*Provided information*
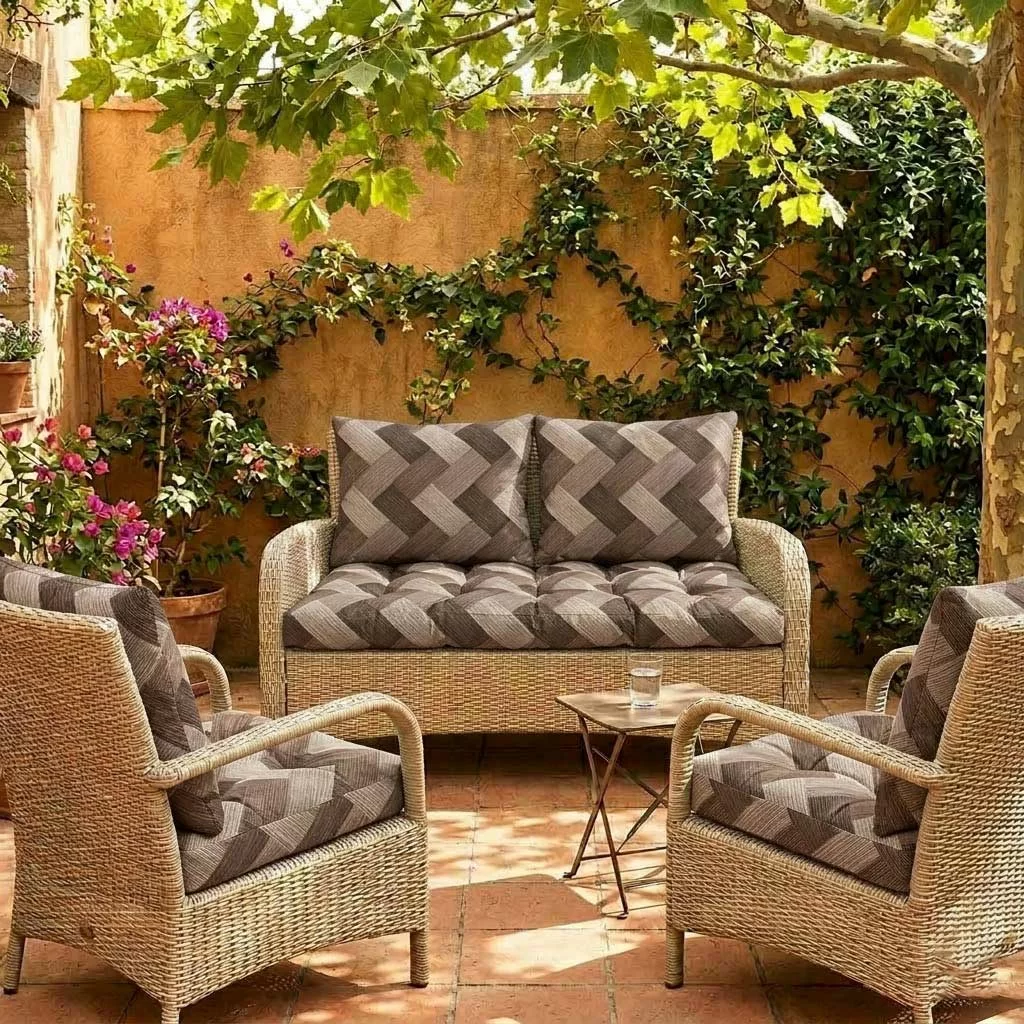 Komplet jastuka za baštensku garnituru, dvosed i dve fotelje, koji će učiniti da Vaš letnji kutak bude svima omiljeno mesto. Bogato punjeni (15-20cm), sa pamučnim navlakama koje garantuju mekoću i svežinu.
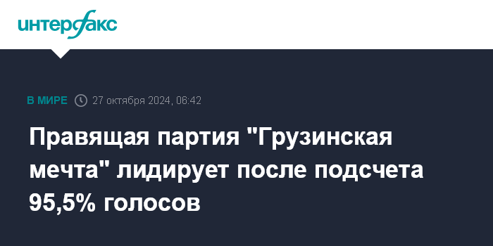По последним данным, после подсчета 95,5% голосов лидирует правящая партия "Грузинская мечта" - 54,22%.
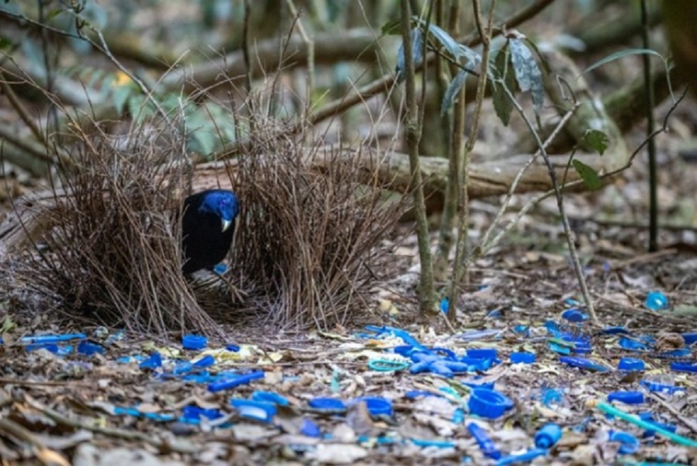 今、私がこの原稿を書いている机の上は無秩序に散らかっている。飲みかけのエナジードリンクの缶、出張に行ったときに買った銘菓の菓子袋、郵便受けに入っていたチラシなど、とても何かの作業ができるような環境でないように思う。しかし、人それぞれ、作業がしやすい環境や落ち着ける環境は異なる。その前提のもとお伝えしておくが、私にとって今の机の散乱状態は、作業がしやすかったり、落ち着けたりする環境では決してない。もともと机の上には何もなかったのである。それが日々の生活の中で、無意識のうちに、無秩序な空間として構築されていったのである。繁忙期に仕事に追われ飲んだエナジードリンク、その翌日からの出張ついでに買ってきた銘菓の菓子袋、出張中に郵便受けにたんまりと溜まったチラシ。好むと好まざるとに関わらず、生活の中で机の上に構築された、美しさとはほど遠い空間である。そんな空間を私のように無意識に構築していく人間がいる一方で、地球上には、種の生存をかけて生活し、独自の美的センスに基づきモノを集め、美しい空間を造る鳥がいる。それがニワシドリ (図1) である。
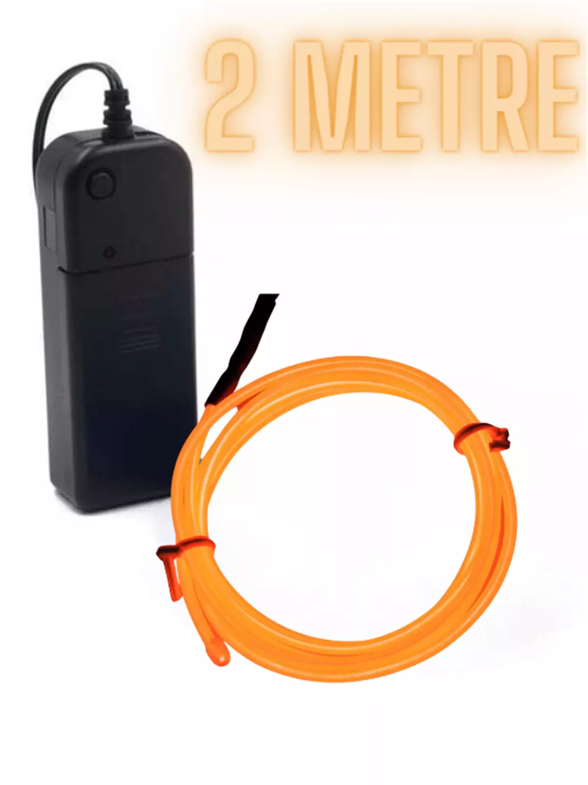 Bataryalı Araç Içi Aydınlatma Ip Şerit Torpido Led Ip Neon Dekoratif Turuncu 2 Metre
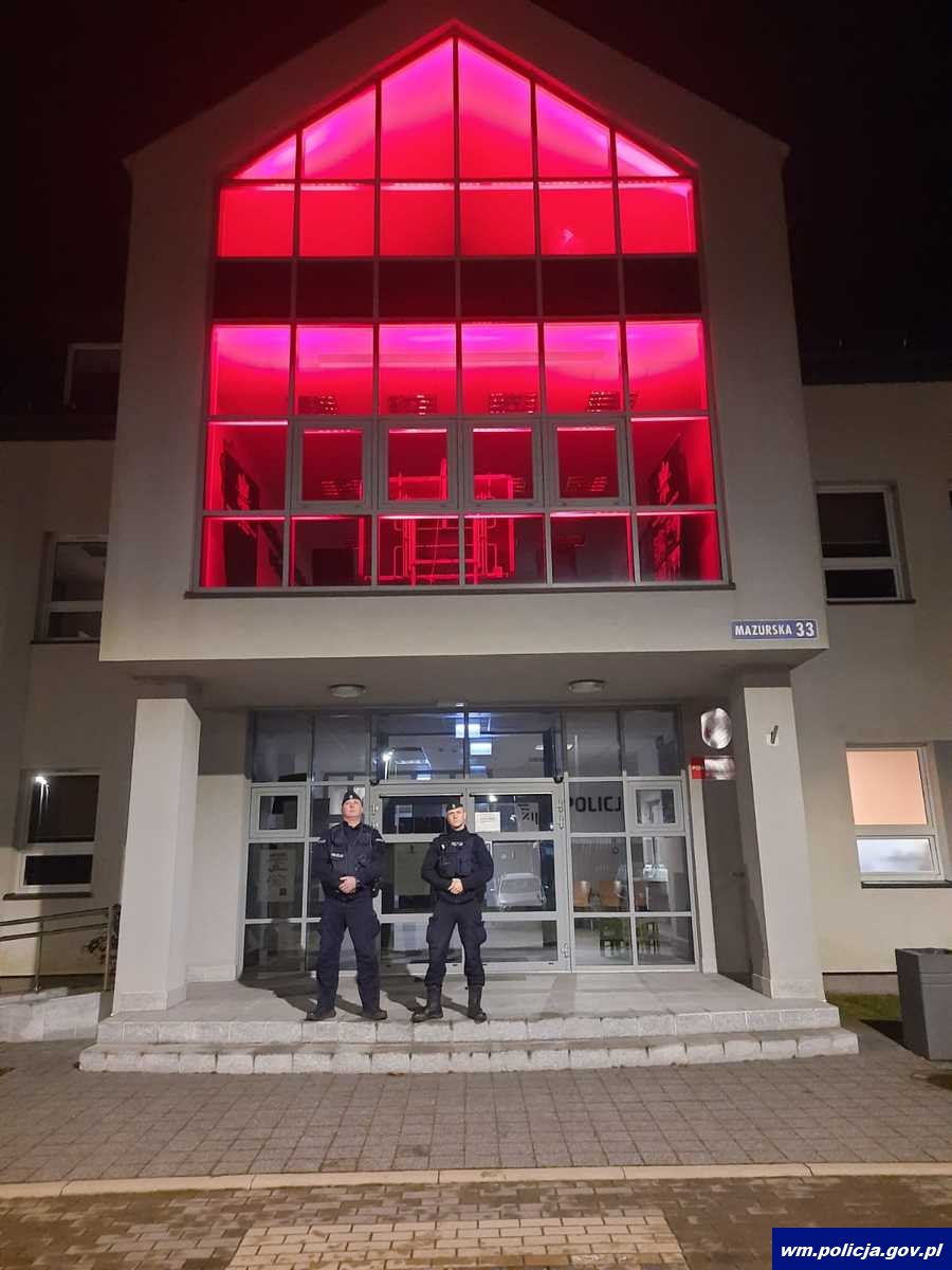 Jak co roku wśród aktywnych uczestników akcji znajdują się również policjanci. By dać temu wyraz też podświetlają swoje budynki czerwonym światłem na kilka chwil. Tak jak miało to miejsce m.in. w Komendzie Wojewódzkiej Policji w Olsztynie oraz niektórych jednostkach powiatowych. Ale aktywność policjantów na tym polu nie ogranicza się tylko do czerwonego światła. To również uczestnictwo w wydarzeniach promujących przeciwstawianie się przemocy, a także codzienna służba na rzeczy tych, którzy potrzebują wsparcia i ochrony.
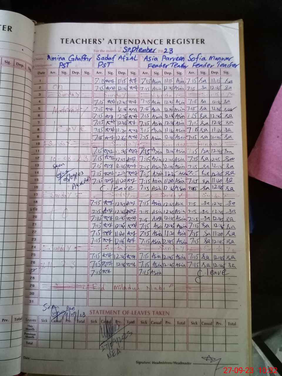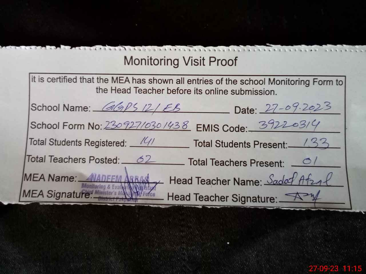 | Attendance Register | Head Teacher | MEA with School | Visit Proof |
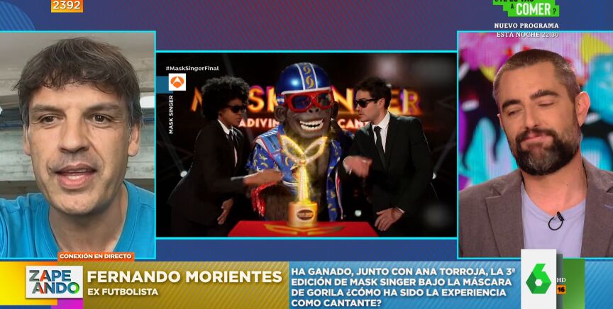 Fernando Morientes, ganador de la tercera edición de Mask Singer junto a Ana Torroja, conecta con Zapeando para hablar de cómo ha sido su paso por el programa y de qué se siente al ganar el programa: "Nunca pensé que iba a estar cantando debajo de un gorila en la televisión". Y, es que, como él mismo reconoce es "una persona muy tímida": "El programa lo hice por mi familia, porque mi mujer me empujó porque a los niños les iba a hacer mucha ilusión", explica.
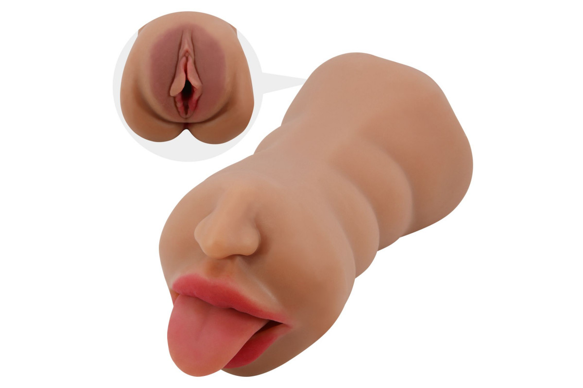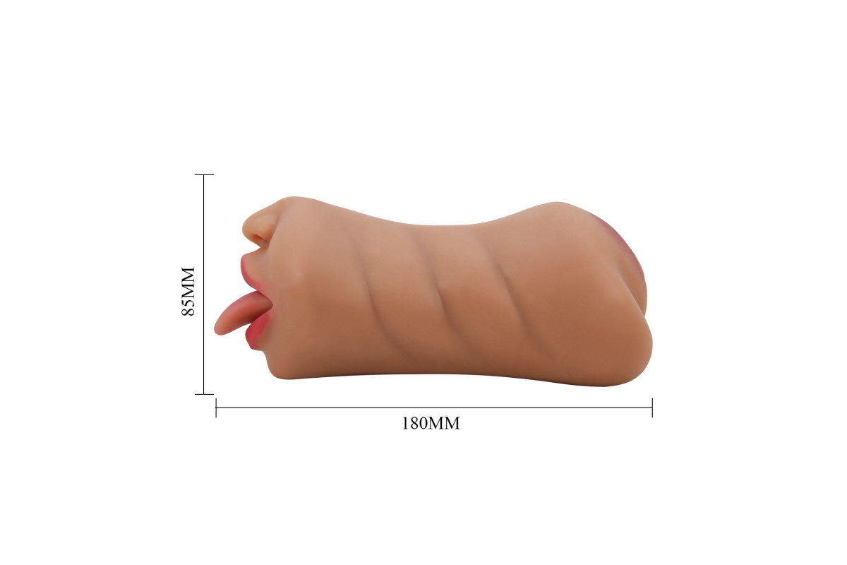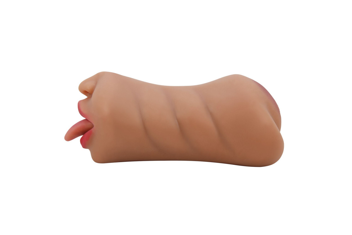 Темно-бежевый двусторонний мастурбатор Sarah - ротик и вагина

*Exercise goal*
Extract every line of the data exactly; pictures stay out.

*Task result*
 Komplet jastuka za baštensku garnituru, dvosed i dve fotelje, koji će učiniti da Vaš letnji kutak bude svima omiljeno mesto. Bogato punjeni (15-20cm), sa pamučnim navlakama koje garantuju mekoću i svežinu.
По последним данным, после подсчета 95,5% голосов лидирует правящая партия "Грузинская мечта" - 54,22%.
 今、私がこの原稿を書いている机の上は無秩序に散らかっている。飲みかけのエナジードリンクの缶、出張に行ったときに買った銘菓の菓子袋、郵便受けに入っていたチラシなど、とても何かの作業ができるような環境でないように思う。しかし、人それぞれ、作業がしやすい環境や落ち着ける環境は異なる。その前提のもとお伝えしておくが、私にとって今の机の散乱状態は、作業がしやすかったり、落ち着けたりする環境では決してない。もともと机の上には何もなかったのである。それが日々の生活の中で、無意識のうちに、無秩序な空間として構築されていったのである。繁忙期に仕事に追われ飲んだエナジードリンク、その翌日からの出張ついでに買ってきた銘菓の菓子袋、出張中に郵便受けにたんまりと溜まったチラシ。好むと好まざるとに関わらず、生活の中で机の上に構築された、美しさとはほど遠い空間である。そんな空間を私のように無意識に構築していく人間がいる一方で、地球上には、種の生存をかけて生活し、独自の美的センスに基づきモノを集め、美しい空間を造る鳥がいる。それがニワシドリ (図1) である。
 Bataryalı Araç Içi Aydınlatma Ip Şerit Torpido Led Ip Neon Dekoratif Turuncu 2 Metre
 Jak co roku wśród aktywnych uczestników akcji znajdują się również policjanci. By dać temu wyraz też podświetlają swoje budynki czerwonym światłem na kilka chwil. Tak jak miało to miejsce m.in. w Komendzie Wojewódzkiej Policji w Olsztynie oraz niektórych jednostkach powiatowych. Ale aktywność policjantów na tym polu nie ogranicza się tylko do czerwonego światła. To również uczestnictwo w wydarzeniach promujących przeciwstawianie się przemocy, a także codzienna służba na rzeczy tych, którzy potrzebują wsparcia i ochrony.
 | Attendance Register | Head Teacher | MEA with School | Visit Proof |
 Fernando Morientes, ganador de la tercera edición de Mask Singer junto a Ana Torroja, conecta con Zapeando para hablar de cómo ha sido su paso por el programa y de qué se siente al ganar el programa: "Nunca pensé que iba a estar cantando debajo de un gorila en la televisión". Y, es que, como él mismo reconoce es "una persona muy tímida": "El programa lo hice por mi familia, porque mi mujer me empujó porque a los niños les iba a hacer mucha ilusión", explica.
 Темно-бежевый двусторонний мастурбатор Sarah - ротик и вагина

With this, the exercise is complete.